Alexander Akwasi Acquah is the member of parliament for the Akim Oda constituency in Ghana's 8th parliament under the fourth republic. The first time MP was elected on the ticket of the New Patriotic Party (NPP). With a majority of 25,380 votes out of the 31,943 total votes cast (which represents 79.45%), he defeated his opponents and won the seat as the 5th MP for the Constituency. He succeeded William Quaitoo who represented the constituency for eight years from 2012 to 2020 on the ticket of the New Patriotic Party (NPP).

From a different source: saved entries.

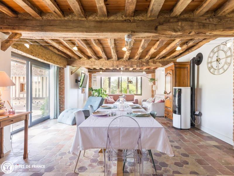 Au fil de la vallée de la Risle, Corneville est un joli village typique et paisible entre forêts et rivière, à deux pas de Pont-Audemer, petite Venise normande où il fait bon flâner. En son coeur, Ostara est une adorable maison de vacances telles qu'on les aime avec le caractère d'une maison ancienne, ses colombages et tuiles traditionnelles, ses tomettes et poutres, son poêle pour une petite flambée, sa terrasse et son jardin rien qu'à nous pour profiter des beaux jours. Cécilia l'a décorée avec goût en lui apportant les codes actuels, de la lumière et tout le confort attendu pour un séjour zen. Et c'est réussi car on s'y sent vraiment bien, prêts à déconnecter ! Vous aimerez le bel espace de la pièce de vie, chaleureuse. Côté loisirs : babyfoot, rêveries sur la méridienne, jeux au jardin, lecture ou bronzage sur les chaises longues, balades à vélo sur les petits chemins ou découverte des pépites offertes par cette superbe région du parc naturel des boucles de la Seine Normande.
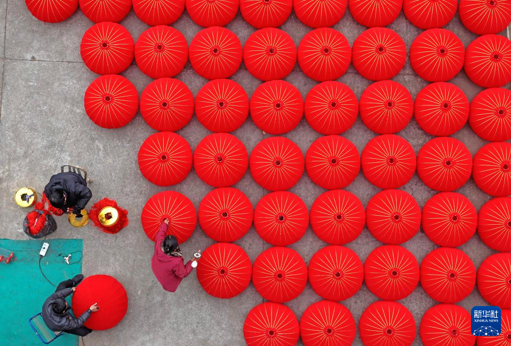 1月21日,在浙江省台州市仙居县横溪镇一家灯笼加工作坊,工人赶制大红灯笼(无人机照片)。
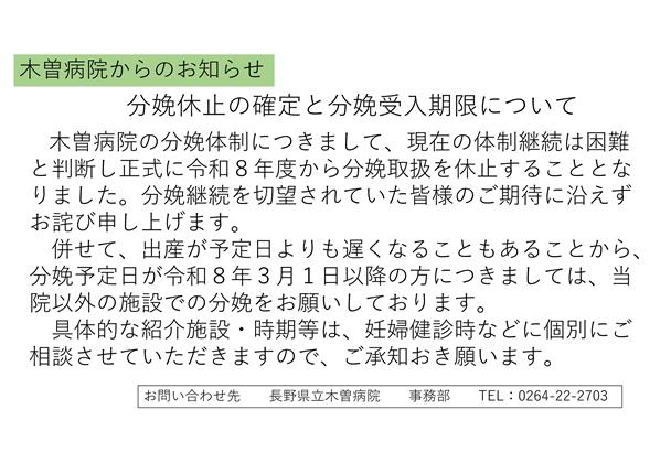 木曽病院より、分娩休止の確定と分娩受入期限についてお知らせします。
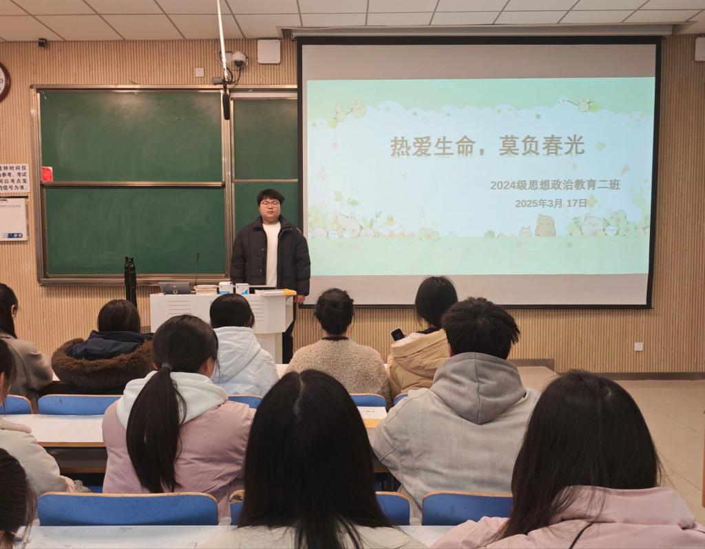 为引导同学们珍惜生命、热爱生活,以积极向上的心态面对学习与生活,3月17日下午,小说狂人 2024级思想政治教育二班在社科楼515教室举办了“热爱生命,莫负春光”主题班会。本次班会由团支书王志颖主持,二班全体同学共同参与。
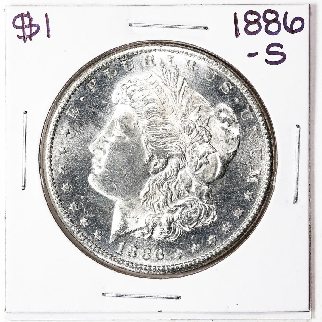 One 1886-S $1 Morgan Silver Dollar Coin.

Before him was Yaw Owusu-Boateng as the member of parliament for the constituency for four years (2008-2012) until a new constituency was created out of the Akim Oda constituency in 2012 which had him representing the newly created Constituency, Asene Akoroso Manso on the ticket of the New Patriotic Party (NPP) that year.

== Members of Parliament ==

| First elected | Member | Party |
First Republic - Oda
| 1965 | Albert Kwame Onwona-Agyemang | Convention People's Party |
Second Republic
| 1969 | Samuel Benson Adjepong | Progress Party |
Third Republic
| 1979 | S. B. Attafua | People's National Party |
Fourth Republic - Akim Oda
| 1992 | Nana Boaten-Abora | National Democratic Congress |
| 1996 | Yaw Osafo-Maafo | New Patriotic Party |
| 2008 | Yaw Owusu-Boateng | New Patriotic Party |
| 2012 | William Quaitoo | New Patriotic Party |
| 2020 | Alexander Akwasi Acquah | New Patriotic Party |
| 2024 | Alexander Akwasi Acquah | New Patriotic Party |

==Elections==

2024 Ghanaian general election: Akim Oda
| Party |  | Candidate | Votes | % | ±% |
|---|---|---|---|---|---|
|  | NPP | Alexander Akwasi Acquah | 19,341 | 72.18 | −7.27 |
|  | NDC | Jones Asante | 7,455 | 27.82 | +8.22 |
| Majority |  |  | 11,886 | 44.36 | — |
| Turnout |  |  | 26,973 |  |  |
| Registered electors |  |  |  |  |  |

2020 Ghanaian general election: Akim Oda
| Party |  | Candidate | Votes | % | ±% |
|---|---|---|---|---|---|
|  | NPP | Alexander Akwasi Acquah | 25,380 | 79.45 | — |
|  | NDC | Jones Asante | 6,262 | 19.60 | +— |
|  | Ghana Union Movement | Lucy Ansah | 301 | 0.94 | −— |
| Majority |  |  | 19,118 | 59.85 |  |
| Turnout |  |  | 31,943 |  |  |
| Registered electors |  |  |  |  |  |

Alexander Akwasi Acquah was elected as MP for the constituency in 2020 with 25,380 votes representing 79.45% on the ticket of NPP.